Work · 2013–2014 · 🇿🇦Cape Town

Software Developer

AWS — EC2

EC2 API team out of Amazon’s Cape Town office — a team of about eight building the external API surface for what was, at the time, one of the largest distributed systems ever run.

  • Developed the EC2 API, Caching, and Tagging services across 10 global regions.
  • On-call rotation for >1000 production hosts — incident response and root-cause analysis on a team where mistakes were measurable in customer-visible ways.
  • Led deployment of the team’s services into the new Beijing EC2 region — flew to Seattle for the launch.
  • Implemented new EC2 IAM permissions; contributed to service observability and metrics.
  • Mentored interns and conducted interviews.

Debugging the load balancers’ mystery error codes

On call for the EC2 API, I kept seeing rare error codes from our load balancers that nobody on the team could explain. Reading through the load-balancer manuals, I worked out that they signalled the remote end — here, an EC2 API client — had hung up the connection. I traced the hang-ups to API calls timing out at 30 seconds, the default an EC2 API client waits for a response.

The cause turned out to be old EC2 tutorials, which often showed an unpaginated call to list every public AMI machine image. As the catalogue grew, those calls came to dump gigabytes of data — and because we never deprecated valid EC2 API calls, they still had to work. I worked around it by caching the public AMI list on our API hosts and streaming it to clients that made these very large requests, so the data arrived far faster — well before they’d give up and hang up the connection.

The lasting outcome was a process change: it led to a new rule in our API review — never ship an unpaginated endpoint, even when we were certain the responses would stay small.

The customer who used tags as a database

I noticed that one of our largest customers at the time had a worryingly low cache hit rate on the EC2 API. Digging in, I found they were using the EC2 tagging service as a generic key-value store — tagging their EC2 machines with build progress, as percentages, while they deployed and rapidly updated them. Because tags feed into EC2’s IAM authentication scheme, changing any tag invalidated that customer’s cache key entirely, so almost every one of their calls missed the cache.

The fix was twofold: our customer-success team reached out to ask them to stop using the tagging service as a key-value store, and we put new limits on the rate at which customers could make EC2 tagging API calls.

My first AWS-level SEV review

We had a service-level objective: a month-long ceiling on the P99 duration of our API calls. For weeks, we’d watch some calls creep over that limit. The standing mitigation was to find the offending host and pull it from the rotation — sometimes just restarting the API service was enough — which made the symptom go away without anyone understanding the actual root cause.
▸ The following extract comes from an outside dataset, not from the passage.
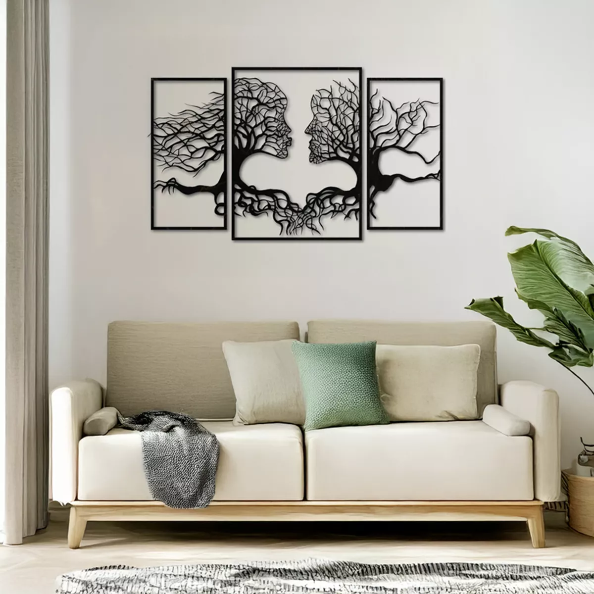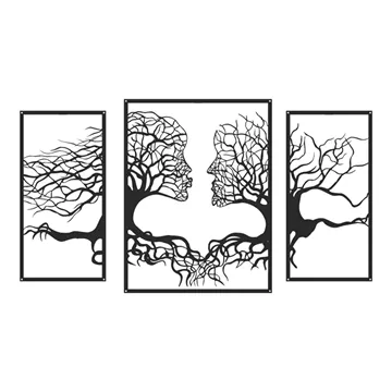 Connecto set is a work of art that tells a story of connection and harmony. Across three frames, the silhouettes of two faces emerge from tree trunks, with their branches and roots intertwining, symbolizing love, friendship, and the shared journey of life.
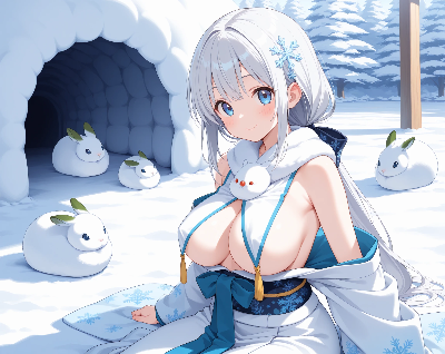 『雪うさぎ』のお題ですが,私が見た時は『雪うさぎ飾り』というお題でした。 なのでカフェとかの壁に雪うさぎと白雀ちゃんたちを再現した飾りを貼っている絵を作ったモノです。 いつの間にかお題が普通の『雪うさぎ』に変わってましたが,もう作り直すクレジット無かったので…。 (雪うさぎ『飾り』のお題だと柔軟性に欠けて作りにくいんだろうなと理解はできますが,『湯気のラーメン』に続いて2日連続でお題を微調整されたら,お題を見てすぐに作り始める側としてはたまらんのです)

I was on call when we finally breached the SLO. The problem had been recurring for weeks, but instead of reaching for the usual band-aid I took ownership: I root-caused it and took it to SEV review — my first at the AWS level. The slow calls turned out to be clustered in US-East-1 and on a shifting set of hosts serving our largest customer at the time, Netflix. US-East-1, as the oldest region, carried the most legacy hardware — and we’d missed pulling that oldest tier of hosts out of the load balancer’s rotation.

Removing the oldest generation of hosts from the load balancer fixed it, and a new team rule — never run more than two generations of hardware behind the same service — kept it fixed for good.